Our findings demonstrated that dyspnea, percentage of CD4 + T-lymphocytes, and percentage of monocytes can be independently important risk factors for AE among patients with IPF. It can be used to stratify patients with acute exacerbations of idiopathic pulmonary fibrosis. Our model used predictors that are more common, accessible, and convenient for primary health care and community hospitals. Thus, monitoring AE risk was convenient for IPF during follow-up.
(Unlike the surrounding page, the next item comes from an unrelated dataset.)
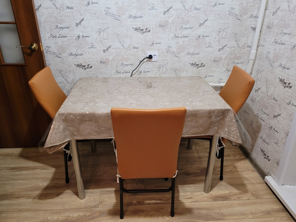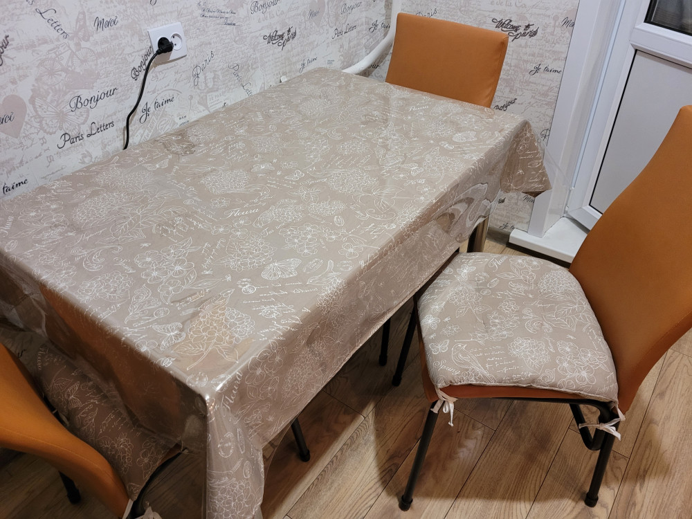 у меня комплект получился с подушками на стулья. Эстетично.

While the predictive factors employed in the model were not exclusive to AE-IPF and do not serve as definitive diagnostic criteria for AE-IPF, nonetheless, they could provide insights into the respiratory function and in vivo immune status of patients with AE-IPF. The presence of dyspnea is a common deteriorating factor in patients with IPF and is an important basis for the diagnosis of AE-IPF [17]. In a retrospective, multicenter study, increased CD14 + classical monocyte percentages were found to be significantly associated with survival in short-term, lung transplant-free IPF patients [3]. Kawamura et al. reported that monocytes count were found to be a risk factor for AE in patients with IPF [23]. However, the study focused more on pulmonary CT manifestations and changes in pulmonary ventilation function in patients with IPF, as well as the relatively small number of investigators included. Our study placed a greater emphasis on monitoring peripheral immune function changes during acute exacerbations in IPF patients. It aimed to investigate the immune-related risk factors associated with AE. Accordingly, our study can serve as a complementary research.

A number of studies had shown that patients with IPF had an increase in CD4 + and CD8 + T cells in the lungs and in their BAL [13, 24]. Decreased CD4+ CD28+ T cells, decreased Treg cells had been revealed with worse prognosis and more severe disease in IPF patients by several studies [25, 26]. In our scoring model, a significant portion of CD4+ T cells featured prominently, indicating a potential strong association between CD4+ T cell percentages and AE. We hypothesized that the reduction in peripheral blood CD4+ T cells might be attributed to their recruitment to the lungs, where they potentially engaged in the pulmonary inflammatory response.

Misharin and colleagues validated the involvement of monocytes in IPF using a mouse mode. Lung injury triggered the recruitment of monocytes into the lung, where they underwent differentiation into monocyte-derived alveolar macrophages (Mo-AMs). These Mo-AMs played a crucial role in driving fibrosis development following intratracheal administration of bleomycin or an adenoviral vector encoding active TGF-β [27, 28]. Our study further confirmed that the occurrence of acute exacerbations in IPF leads to significant alterations in the immune status. Consequently, the current model can provide valuable information about AE-IPF cases.

Strengths of this study

Strengths of this study included the use of real-world data from the largest general hospital in Southwest China. Consequently, the result exhibited extensive potential for general applicability. Regarding variable selection, factors deemed risky by the physician and documented in literature were included. At the same time, the risk factors were available in electronical healthy records. Therefore, the results possessed potential value for clinical application.

Limitations of this study

Certain constraints of this study warranted contemplation. Lung function ventilation tests were added without incorporating, such as forced vital capacity (FVC)and total lung capacity (TLC) [29], for only a small subset of patients having these records in the electronic medical records. Some patients had received treatment before being transferred to our medical institutions, and there was no pulmonary function records in our electronic medical records. For certain patients with severe conditions, undergoing pulmonary function tests was not advisable. Therefore, it would be unreasonable to use imputation methods for subsequent analysis.

Conclusion

A diagnosis model that can be used in clinical practice for predicting the likelihood of AE in patients with IPF had been developed and internally validated. It was recommended that additional validation studies be conducted with populations outside of China and that fewer predictor parameters be taken into account.